[Data excerpts]
● ● ● ● ● ● ●
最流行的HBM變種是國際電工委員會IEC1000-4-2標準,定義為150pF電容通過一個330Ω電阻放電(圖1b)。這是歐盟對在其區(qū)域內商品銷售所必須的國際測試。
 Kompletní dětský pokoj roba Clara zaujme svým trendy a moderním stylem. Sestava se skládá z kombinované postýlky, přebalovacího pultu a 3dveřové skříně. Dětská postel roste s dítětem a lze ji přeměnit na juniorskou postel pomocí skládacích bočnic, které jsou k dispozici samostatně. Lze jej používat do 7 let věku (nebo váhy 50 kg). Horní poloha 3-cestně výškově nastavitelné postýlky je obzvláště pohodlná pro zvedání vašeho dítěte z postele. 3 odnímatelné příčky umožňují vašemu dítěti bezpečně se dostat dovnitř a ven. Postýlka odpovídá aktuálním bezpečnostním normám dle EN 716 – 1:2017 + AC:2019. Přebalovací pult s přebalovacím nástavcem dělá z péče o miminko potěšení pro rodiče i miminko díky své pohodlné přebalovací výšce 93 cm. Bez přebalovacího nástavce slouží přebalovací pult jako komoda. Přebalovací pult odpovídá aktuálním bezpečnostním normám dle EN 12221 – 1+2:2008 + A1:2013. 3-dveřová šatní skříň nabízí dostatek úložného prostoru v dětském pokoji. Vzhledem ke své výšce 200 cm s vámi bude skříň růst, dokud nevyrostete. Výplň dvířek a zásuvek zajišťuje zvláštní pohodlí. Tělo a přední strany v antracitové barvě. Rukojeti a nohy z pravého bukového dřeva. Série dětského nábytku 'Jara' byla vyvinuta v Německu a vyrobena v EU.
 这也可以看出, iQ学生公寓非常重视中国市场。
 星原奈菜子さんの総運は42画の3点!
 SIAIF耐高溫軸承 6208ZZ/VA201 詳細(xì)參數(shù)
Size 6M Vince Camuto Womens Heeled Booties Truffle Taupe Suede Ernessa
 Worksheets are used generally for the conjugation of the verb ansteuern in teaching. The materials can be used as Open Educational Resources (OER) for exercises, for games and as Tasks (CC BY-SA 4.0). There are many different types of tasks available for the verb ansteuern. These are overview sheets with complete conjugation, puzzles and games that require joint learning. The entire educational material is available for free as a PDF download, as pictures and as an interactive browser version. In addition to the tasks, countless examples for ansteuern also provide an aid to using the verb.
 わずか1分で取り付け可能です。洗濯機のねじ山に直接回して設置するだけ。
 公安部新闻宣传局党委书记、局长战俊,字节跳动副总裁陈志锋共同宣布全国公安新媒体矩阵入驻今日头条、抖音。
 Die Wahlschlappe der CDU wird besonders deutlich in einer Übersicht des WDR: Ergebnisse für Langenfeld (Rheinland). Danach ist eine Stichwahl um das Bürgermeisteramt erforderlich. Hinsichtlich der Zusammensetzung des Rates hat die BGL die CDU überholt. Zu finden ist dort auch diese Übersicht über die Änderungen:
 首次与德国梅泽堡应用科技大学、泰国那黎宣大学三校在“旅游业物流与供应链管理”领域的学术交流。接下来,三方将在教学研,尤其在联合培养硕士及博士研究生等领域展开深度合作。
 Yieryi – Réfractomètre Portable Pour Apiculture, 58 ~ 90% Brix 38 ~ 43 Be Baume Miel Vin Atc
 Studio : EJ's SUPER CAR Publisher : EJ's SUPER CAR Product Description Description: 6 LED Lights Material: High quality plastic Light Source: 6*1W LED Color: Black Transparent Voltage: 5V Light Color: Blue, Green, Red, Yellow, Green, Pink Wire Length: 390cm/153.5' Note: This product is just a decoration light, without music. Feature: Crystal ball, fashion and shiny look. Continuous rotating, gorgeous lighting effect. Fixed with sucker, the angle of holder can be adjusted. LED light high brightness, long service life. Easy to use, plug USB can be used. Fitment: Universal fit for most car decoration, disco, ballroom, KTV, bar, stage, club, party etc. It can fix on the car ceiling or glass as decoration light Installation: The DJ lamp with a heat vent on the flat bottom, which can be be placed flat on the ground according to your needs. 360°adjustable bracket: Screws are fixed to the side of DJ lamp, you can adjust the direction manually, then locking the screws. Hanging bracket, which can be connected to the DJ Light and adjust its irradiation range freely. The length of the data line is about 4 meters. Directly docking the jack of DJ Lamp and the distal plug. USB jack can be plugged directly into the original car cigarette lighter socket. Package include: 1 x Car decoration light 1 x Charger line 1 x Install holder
● ● ● ● ● ● ●
Task requirements => Exactly as written, please output every entry.

Solved exercise =>
最流行的HBM變種是國際電工委員會IEC1000-4-2標準,定義為150pF電容通過一個330Ω電阻放電(圖1b)。這是歐盟對在其區(qū)域內商品銷售所必須的國際測試。
 Kompletní dětský pokoj roba Clara zaujme svým trendy a moderním stylem. Sestava se skládá z kombinované postýlky, přebalovacího pultu a 3dveřové skříně. Dětská postel roste s dítětem a lze ji přeměnit na juniorskou postel pomocí skládacích bočnic, které jsou k dispozici samostatně. Lze jej používat do 7 let věku (nebo váhy 50 kg). Horní poloha 3-cestně výškově nastavitelné postýlky je obzvláště pohodlná pro zvedání vašeho dítěte z postele. 3 odnímatelné příčky umožňují vašemu dítěti bezpečně se dostat dovnitř a ven. Postýlka odpovídá aktuálním bezpečnostním normám dle EN 716 – 1:2017 + AC:2019. Přebalovací pult s přebalovacím nástavcem dělá z péče o miminko potěšení pro rodiče i miminko díky své pohodlné přebalovací výšce 93 cm. Bez přebalovacího nástavce slouží přebalovací pult jako komoda. Přebalovací pult odpovídá aktuálním bezpečnostním normám dle EN 12221 – 1+2:2008 + A1:2013. 3-dveřová šatní skříň nabízí dostatek úložného prostoru v dětském pokoji. Vzhledem ke své výšce 200 cm s vámi bude skříň růst, dokud nevyrostete. Výplň dvířek a zásuvek zajišťuje zvláštní pohodlí. Tělo a přední strany v antracitové barvě. Rukojeti a nohy z pravého bukového dřeva. Série dětského nábytku 'Jara' byla vyvinuta v Německu a vyrobena v EU.
 这也可以看出, iQ学生公寓非常重视中国市场。
 星原奈菜子さんの総運は42画の3点!
 SIAIF耐高溫軸承 6208ZZ/VA201 詳細(xì)參數(shù)
Size 6M Vince Camuto Womens Heeled Booties Truffle Taupe Suede Ernessa
 Worksheets are used generally for the conjugation of the verb ansteuern in teaching. The materials can be used as Open Educational Resources (OER) for exercises, for games and as Tasks (CC BY-SA 4.0). There are many different types of tasks available for the verb ansteuern. These are overview sheets with complete conjugation, puzzles and games that require joint learning. The entire educational material is available for free as a PDF download, as pictures and as an interactive browser version. In addition to the tasks, countless examples for ansteuern also provide an aid to using the verb.
 わずか1分で取り付け可能です。洗濯機のねじ山に直接回して設置するだけ。
 公安部新闻宣传局党委书记、局长战俊,字节跳动副总裁陈志锋共同宣布全国公安新媒体矩阵入驻今日头条、抖音。
 Die Wahlschlappe der CDU wird besonders deutlich in einer Übersicht des WDR: Ergebnisse für Langenfeld (Rheinland). Danach ist eine Stichwahl um das Bürgermeisteramt erforderlich. Hinsichtlich der Zusammensetzung des Rates hat die BGL die CDU überholt. Zu finden ist dort auch diese Übersicht über die Änderungen:
 首次与德国梅泽堡应用科技大学、泰国那黎宣大学三校在“旅游业物流与供应链管理”领域的学术交流。接下来,三方将在教学研,尤其在联合培养硕士及博士研究生等领域展开深度合作。
 Yieryi – Réfractomètre Portable Pour Apiculture, 58 ~ 90% Brix 38 ~ 43 Be Baume Miel Vin Atc
 Studio : EJ's SUPER CAR Publisher : EJ's SUPER CAR Product Description Description: 6 LED Lights Material: High quality plastic Light Source: 6*1W LED Color: Black Transparent Voltage: 5V Light Color: Blue, Green, Red, Yellow, Green, Pink Wire Length: 390cm/153.5' Note: This product is just a decoration light, without music. Feature: Crystal ball, fashion and shiny look. Continuous rotating, gorgeous lighting effect. Fixed with sucker, the angle of holder can be adjusted. LED light high brightness, long service life. Easy to use, plug USB can be used. Fitment: Universal fit for most car decoration, disco, ballroom, KTV, bar, stage, club, party etc. It can fix on the car ceiling or glass as decoration light Installation: The DJ lamp with a heat vent on the flat bottom, which can be be placed flat on the ground according to your needs. 360°adjustable bracket: Screws are fixed to the side of DJ lamp, you can adjust the direction manually, then locking the screws. Hanging bracket, which can be connected to the DJ Light and adjust its irradiation range freely. The length of the data line is about 4 meters. Directly docking the jack of DJ Lamp and the distal plug. USB jack can be plugged directly into the original car cigarette lighter socket. Package include: 1 x Car decoration light 1 x Charger line 1 x Install holder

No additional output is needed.